Brain-specific QTL annotation
As AD is characterized by neurodegeneration, we annotated the significant genomic loci with publicly available databases of expression, methylation, and histone acetylation QTLs, as catalogued in BRAINEAC61, CommonMind Consortium Portal62 and xQTL Serve63, as an extension of the GTEx tissue eQTL mapping performed in FUMA. Descriptions of these brain eQTL databases and settings we used are in the Supplementary Note.
Gene-based analysis
To account for the distinct types of genetic data in this study, genotype array (PGC-ALZ, IGAP, UKB) and whole-exome sequencing data (ADSP), we first performed two gene-based genome-wide association analysis (GWGASs) using MAGMA32, followed by a meta-analysis. SNP-based P-values from the meta-analysis of the 3 genotype-array-based datasets were used as input for the first GWGAS, while the unimputed individual-level sequence data of ADSP was used as input for the second GWGAS. A total of 18,233 protein-coding genes (each containing at least one SNP in the GWAS) from the National Center for Biotechnology Information (NCBI) 37.3 gene definitions were used as basis for GWGAS in MAGMA. Bonferroni correction was applied to correct for multiple testing (P<2.74×10−6).
Gene-set analysis
Results from the GWGAS analyses were used to test for association in 7,086 predefined gene-sets of four categories:
1. 6,994 curated gene-sets representing known biological and metabolic pathways derived from Gene Ontology (5917 gene-sets), Biocarta (217 gene-sets), KEGG (186 gene-sets), Reactome (674 gene-sets) catalogued by and obtained from the MsigDB version 6.164 (see URLs)
Gene expression values from 53 tissues obtained from GTEx57, log2 transformed with pseudocount 1 after winsorization at 50 and averaged per tissue.

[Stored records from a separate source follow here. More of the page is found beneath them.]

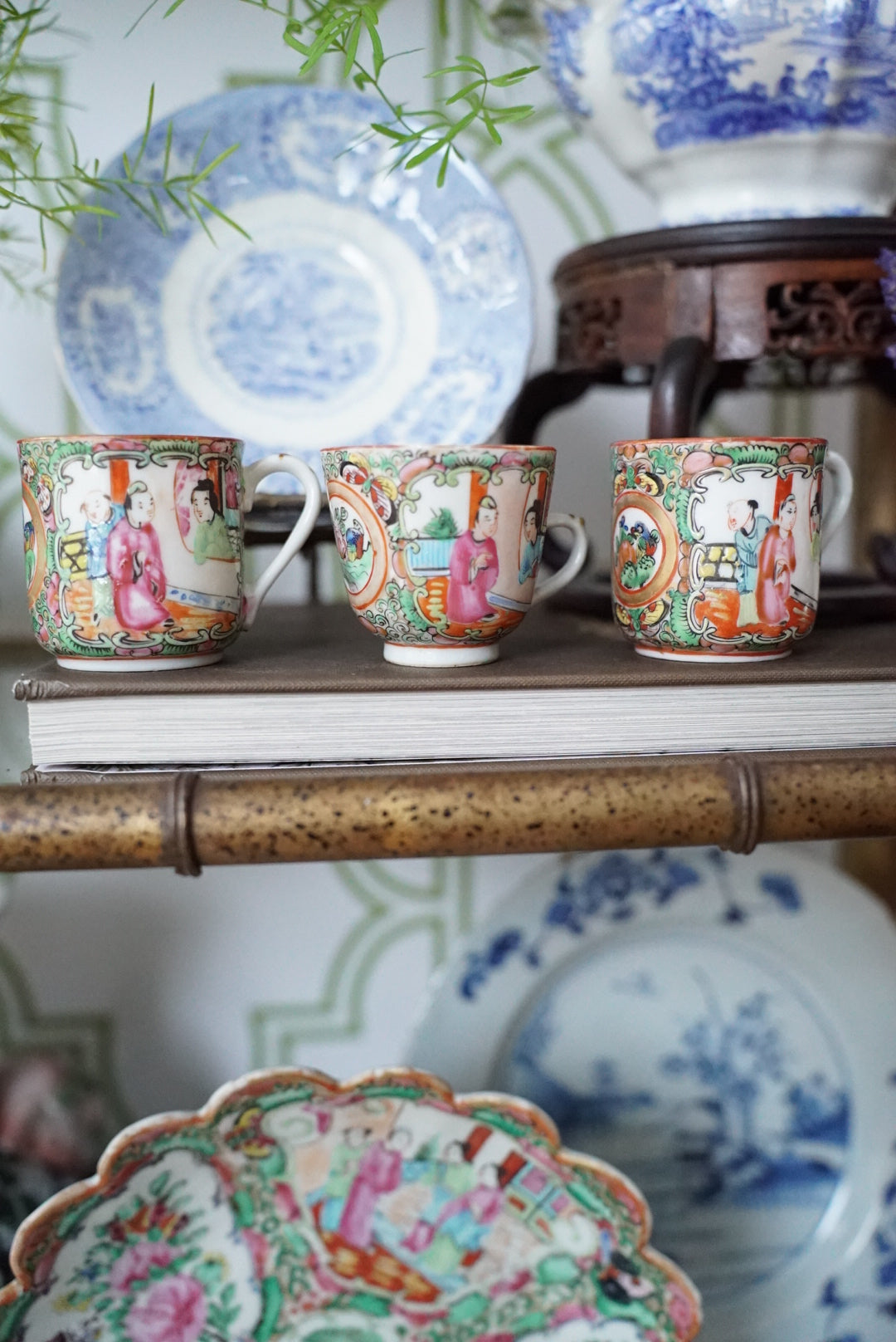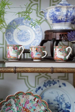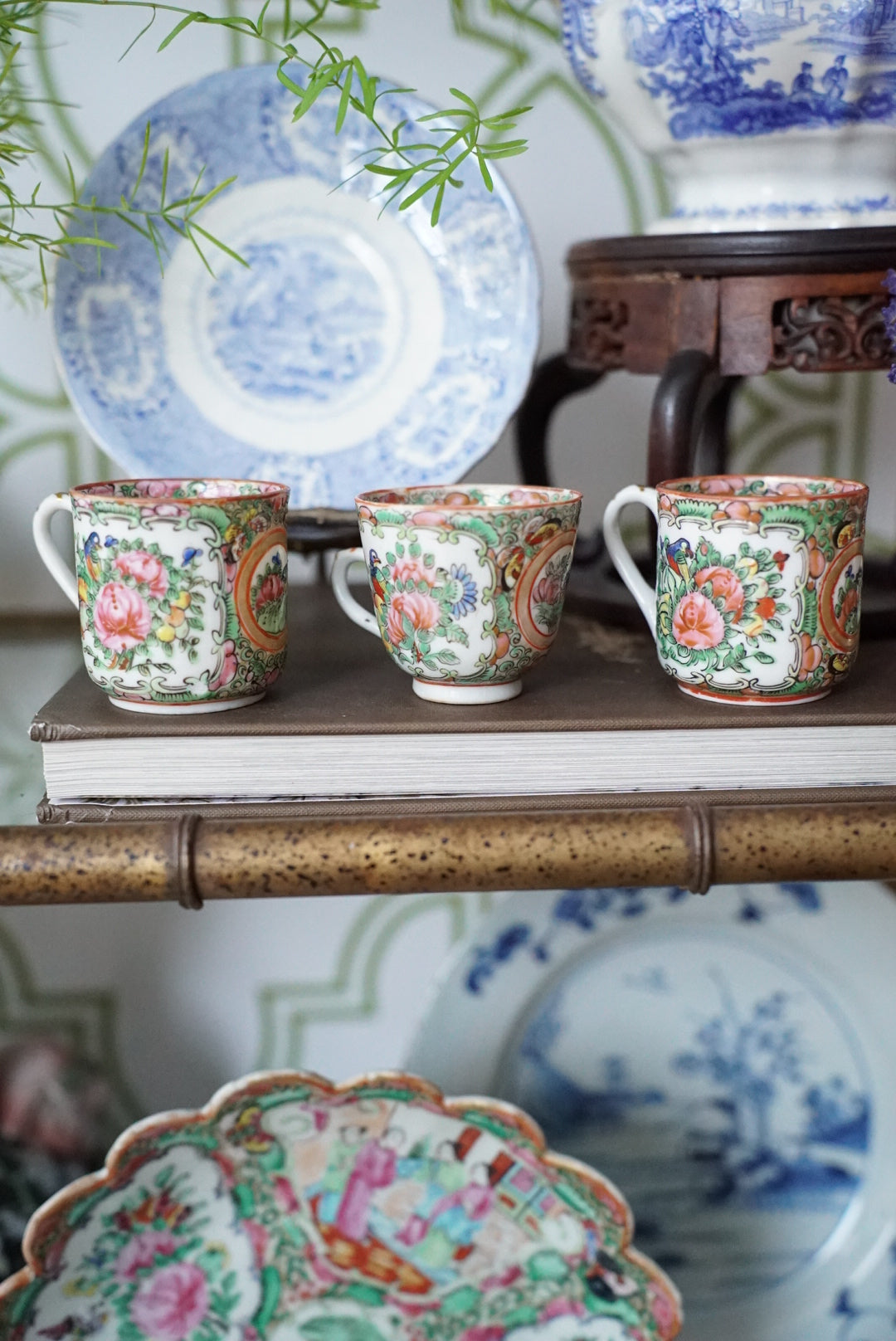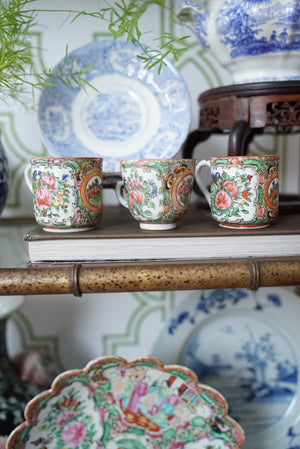 Set of 3 — Antique Chinese Export Rose Medallion Cups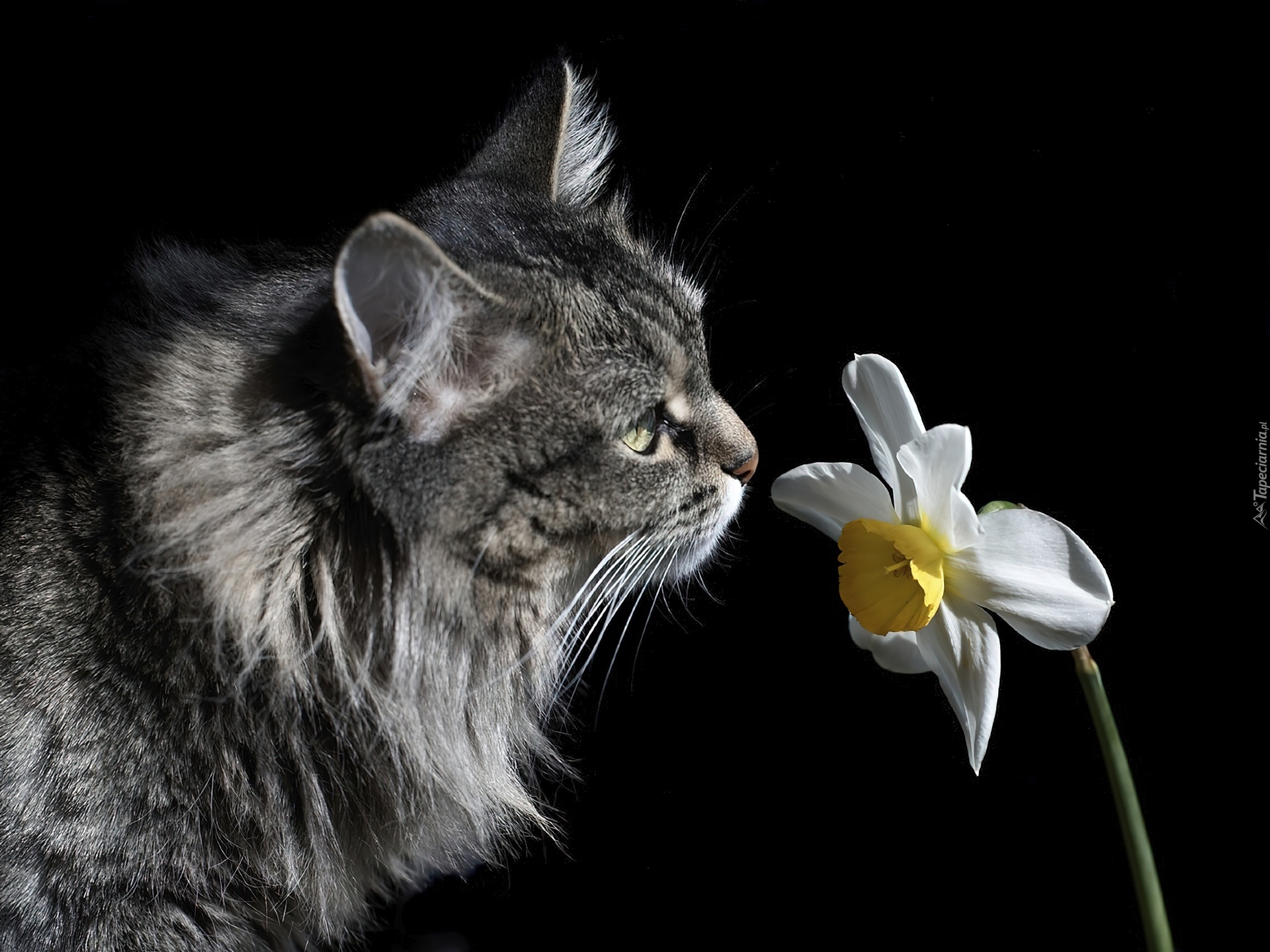 Ten kotek zna się na zapachach kwiatów :)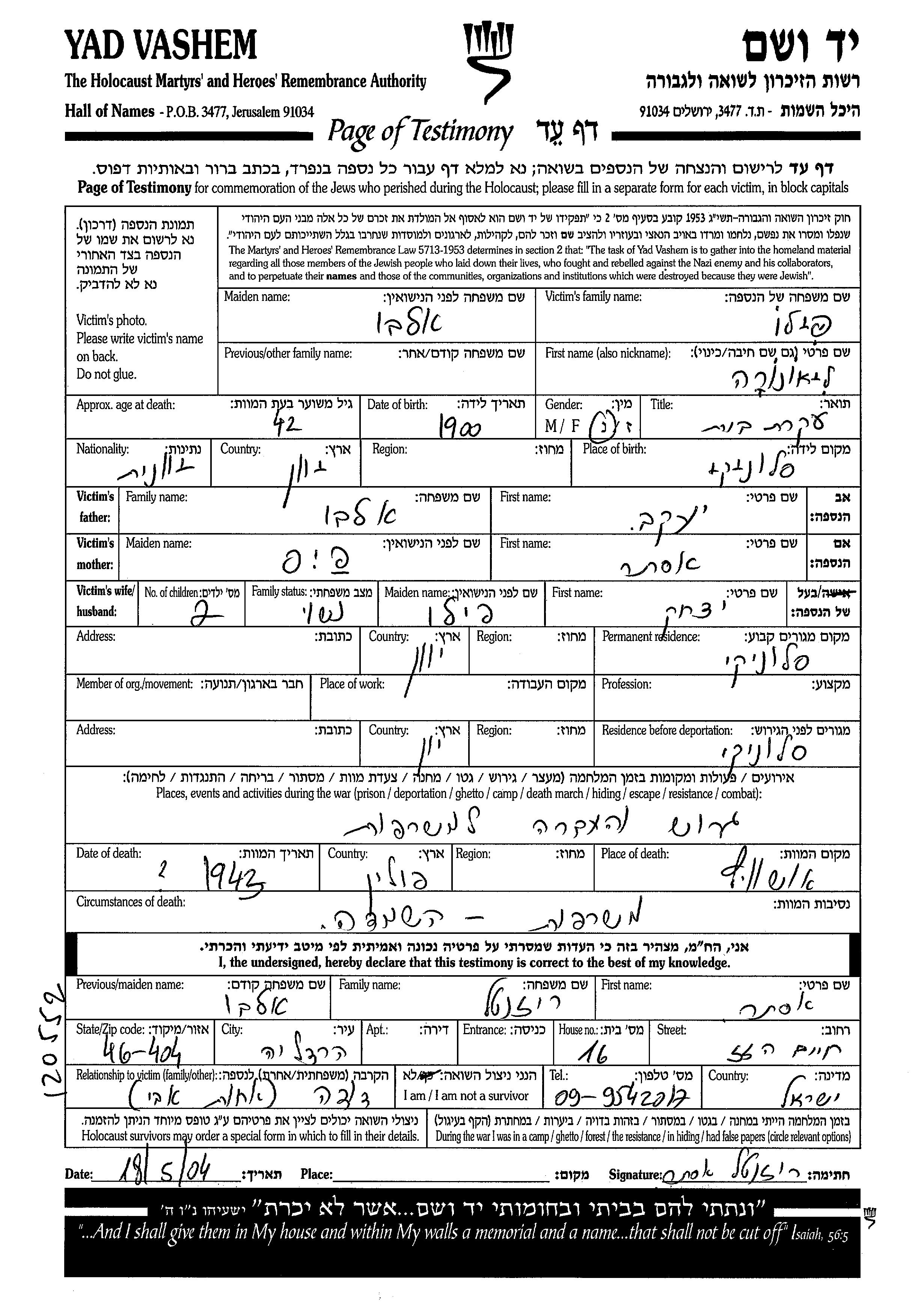 Lionora Pilo, geb. Alvo wurde im Jahr 1900 in Saloniki, Griechenland geboren. Sie war die Tochter von Yaakov und Ester, geb. Fis. Sie war mit Yitzkhak Verheiratet. Vor dem Zweiten Weltkrieg lebte sie in Saloniki, Griechenland. Während des Krieges war sie in Saloniki, Griechenland.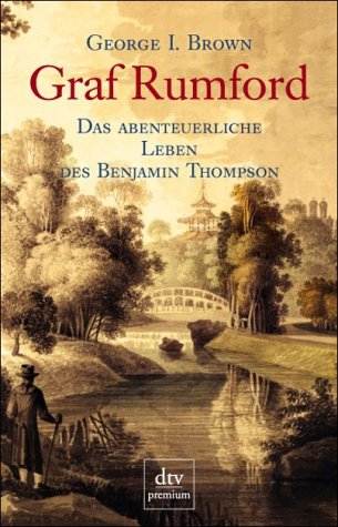 | George I. Brown: Graf Rumford; Das abenteuerliche Leben des Benjamin Thompson; dtv premium Klappentext: "Bauernbub aus Massachusetts, Spion, Offizier, Frauenheld, Kaufmann, Kriegsgewinnler, Wissenschaftler, Gründer der Royal Institution in London und Wohltäter der Menschheit, im amerikanischen Unabhängigkeitskrieg wegen Spionagetätigkeit des Landes verwiesen, in Bayern geadelt, in London geehrt, in Frankreich gestorben: Das Leben dieses Mannes, geboren 1753 bei Boston und gestorben 1814 bei Paris, bietet Stoff für mehrere Romane." ... und in der Tat hat Günter Grass in seinem Roman "Der Butt" Rumford ein Denkmal gesetzt. Einziger Nachteil des Buchs von Brown: die wissenschaftlichen Erkenntnisse Rumford werden nicht gerade verständlich dargestellt. |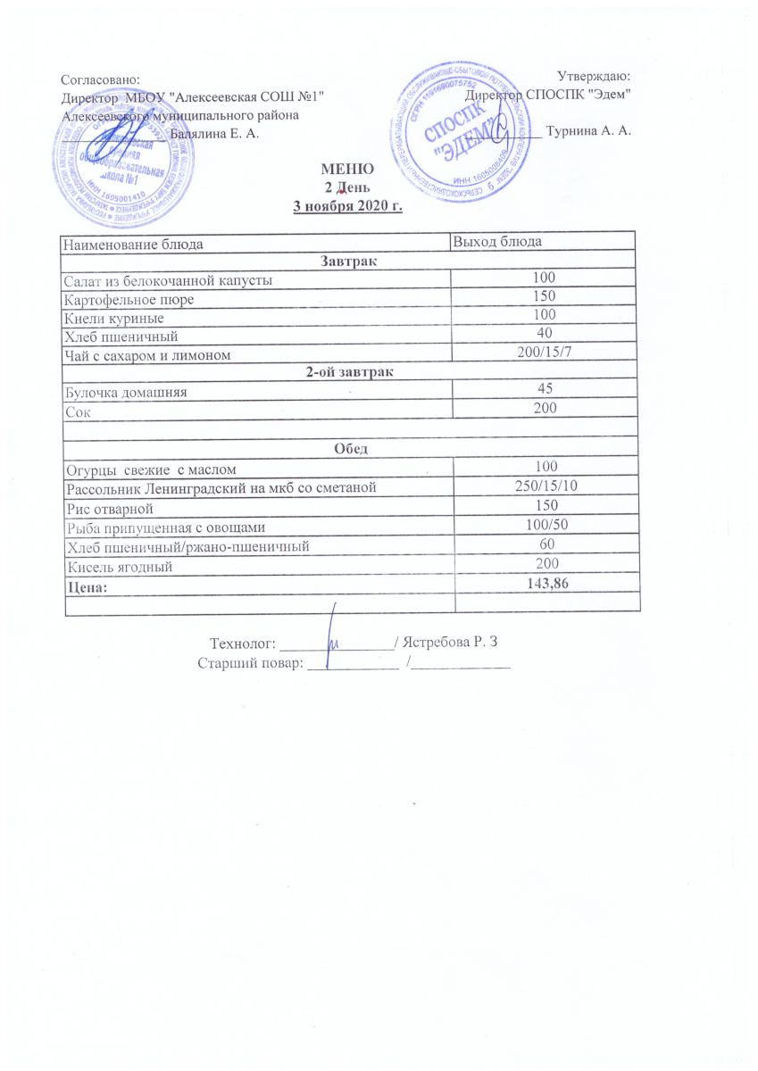 ►Меню пришкольно-оздоровительного лагеря. Ноябрь 2020.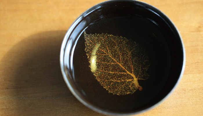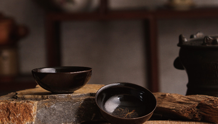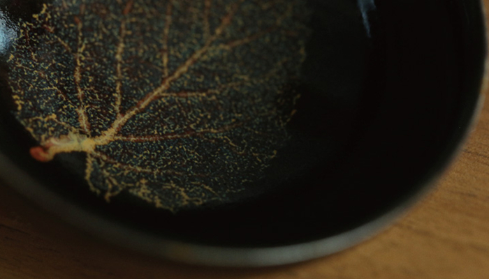 他制作木叶盏使用原产地吉安的天然泥为坯、古吉州窑原烧之地土釉原矿调制釉水,且承应古意,只选桑叶和菩提叶入盏,用清水洗净,稍作处理后置入釉坯中,一次性烧制而成。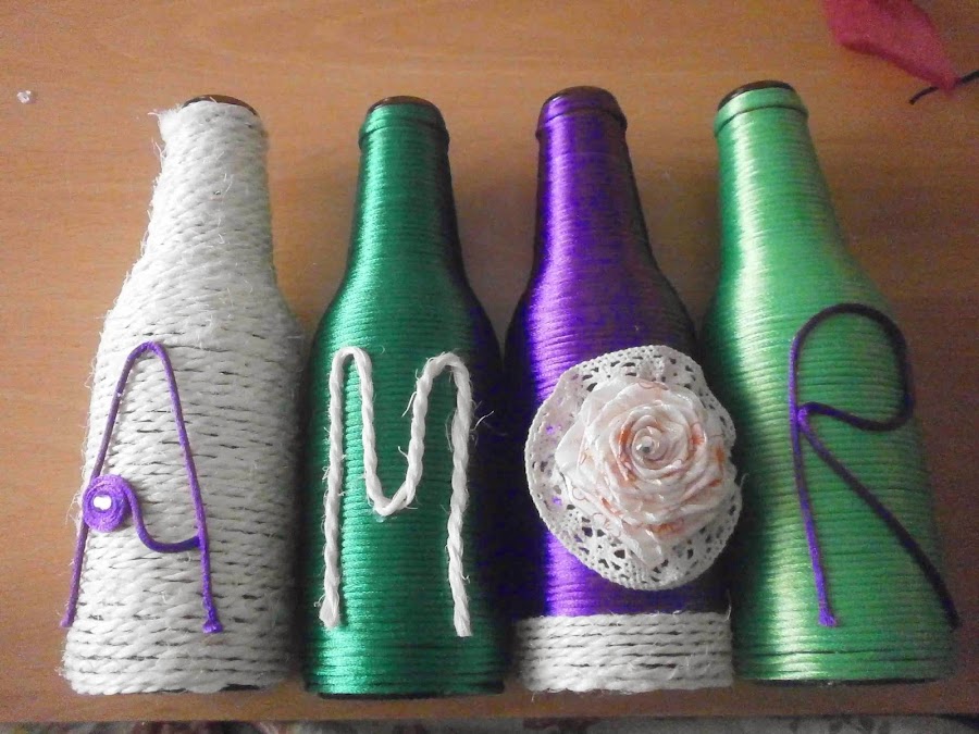 Con las mismas cuerdas escribí una letra a cada botella formando una palabra. La flor de la botella lila la hice con lazo y puntilla.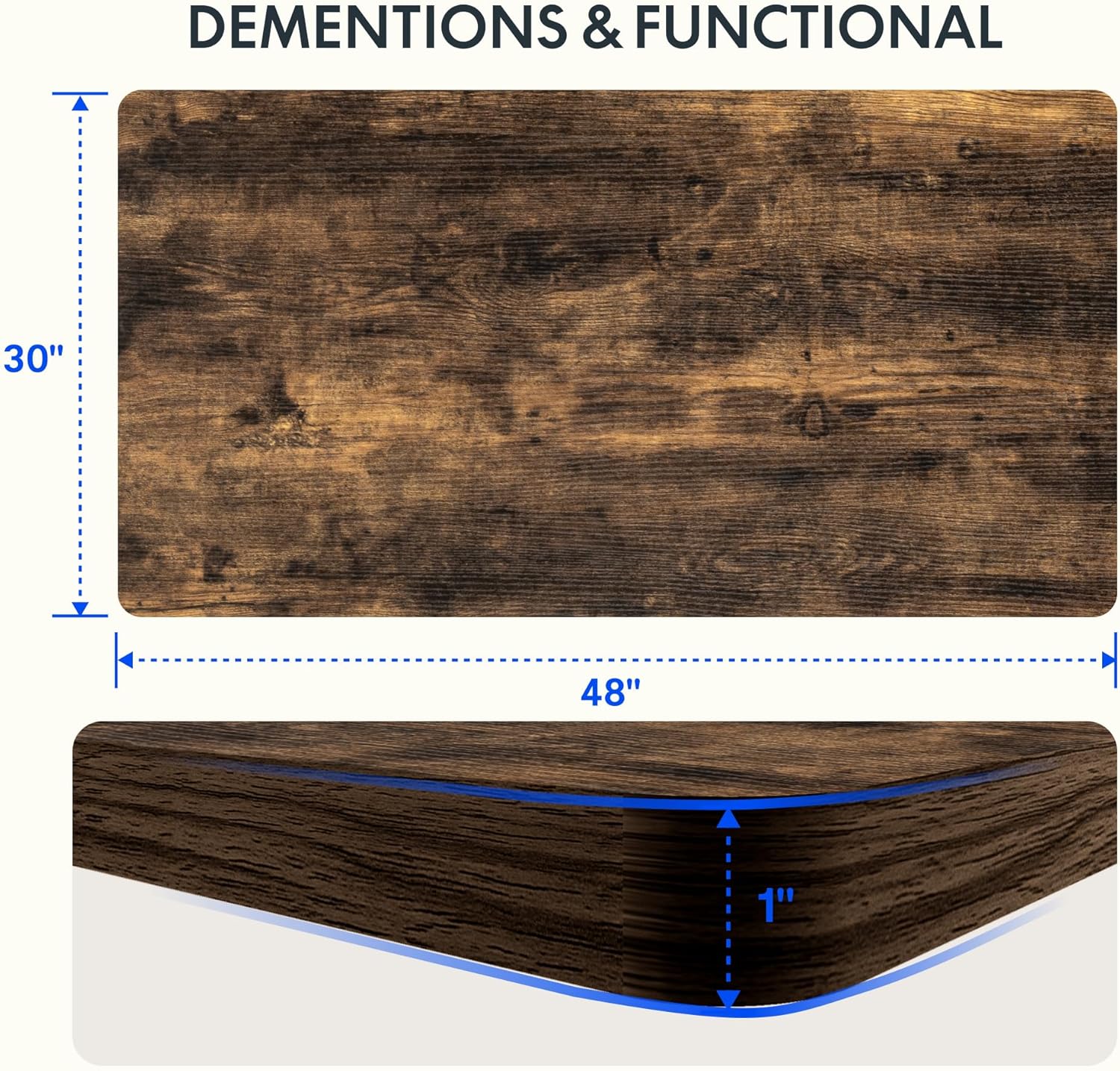 - AMPLE WHOLE-PIECE DESKTOP: With its whole-piece 1” eco-friendly desktop, this standing desk provides plenty of room for your computer setup, documents, and accessories, creating a well-organized and productive work environment. Due to hand measurements, desktop dimensions may vary slightly by 0 to 1”.

Cell-type specific expression in 24 broad categories of brain cell types, which were calculated following the method described in ref.37. Briefly, brain cell-type expression data was drawn from single-cell RNA sequencing data from mouse brains. For each gene, the value for each cell-type was calculated by dividing the mean Unique Molecular Identifier (UMI) counts for the given cell type by the summed mean UMI counts across all cell types. Single-cell gene-sets were derived by grouping genes into 40 equal bins based on specificity of expression.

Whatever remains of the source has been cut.